◆ **SOURCE MATERIAL**:
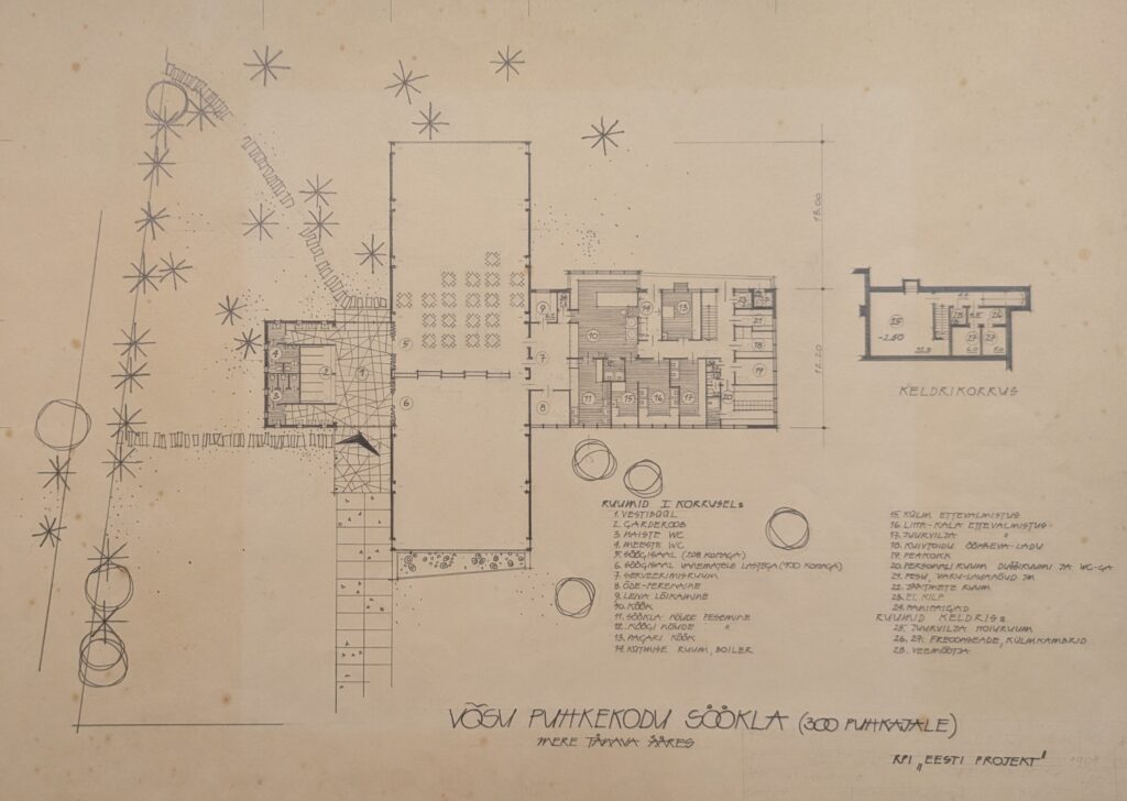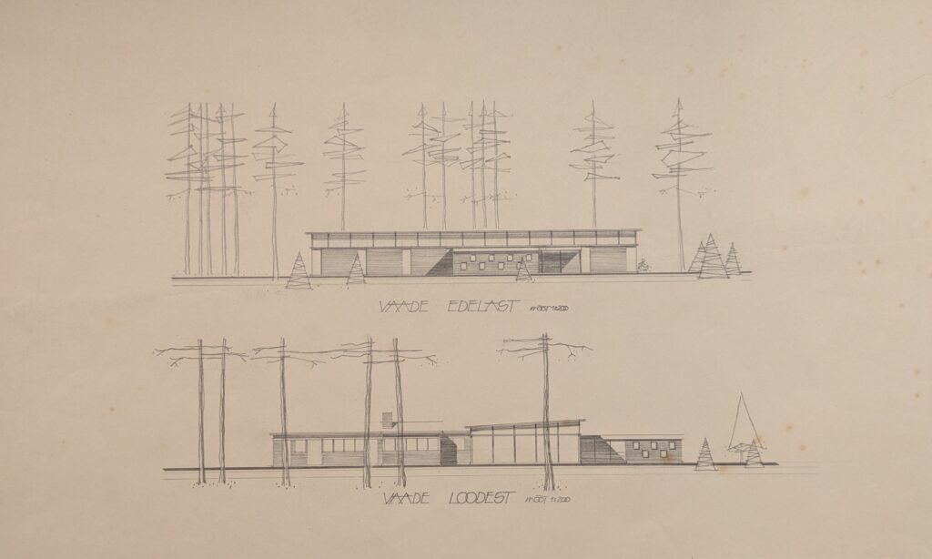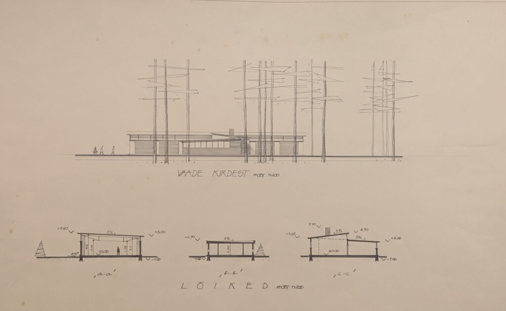 The Canteen of the Võsu Vacation Centre is one of the projects designed by Heili Volberg-Raig (then Härmson) as a long-time architect at the office of Eesti Projekt. She was helped by Lennart Sasi who was responsible for its engineering solutions. The canteen was in great demand in the popular Võsu summer resort, considering that the number of visitors could reach over 11,000 by the end of the season. At that time, Võsu Puhkekodu (Võsu Vacation Centre) was involved in the construction of several buildings necessary for the holiday. The new canteen was erected under the pine trees on the territory of the former Arnold Leihberg summer house, which is adjacent to the Võsu beach.
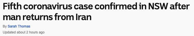这一最新确诊病例于2月22日从伊朗抵达悉尼。他直到2月24日才出现症状,2月28日在医院接受了检查。
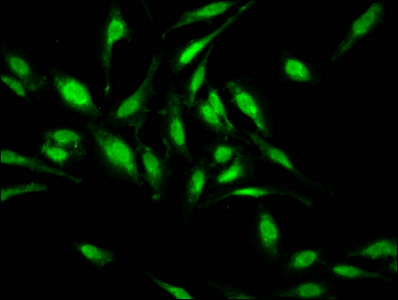 Immunofluorescence staining of Hela cells with CSB-PA17869A0Rb at 1:133, counter-stained with DAPI. The cells were fixed in 4% formaldehyde, permeabilized using 0.2% Triton X-100 and blocked in 10% normal Goat Serum. The cells were then incubated with the antibody overnight at 4°C. The secondary antibody was Alexa Fluor 488-congugated AffiniPure Goat Anti-Rabbit IgG(H+L).

◆ **WORK TO BE COMPLETED**:
Exactly as they appear, transcribe the lines from the top of the material above through the line with "这一最新确诊病例于2月22日". Omit any picture.

◆ **EXERCISE ANSWER**:
 The Canteen of the Võsu Vacation Centre is one of the projects designed by Heili Volberg-Raig (then Härmson) as a long-time architect at the office of Eesti Projekt. She was helped by Lennart Sasi who was responsible for its engineering solutions. The canteen was in great demand in the popular Võsu summer resort, considering that the number of visitors could reach over 11,000 by the end of the season. At that time, Võsu Puhkekodu (Võsu Vacation Centre) was involved in the construction of several buildings necessary for the holiday. The new canteen was erected under the pine trees on the territory of the former Arnold Leihberg summer house, which is adjacent to the Võsu beach.
这一最新确诊病例于2月22日从伊朗抵达悉尼。他直到2月24日才出现症状,2月28日在医院接受了检查。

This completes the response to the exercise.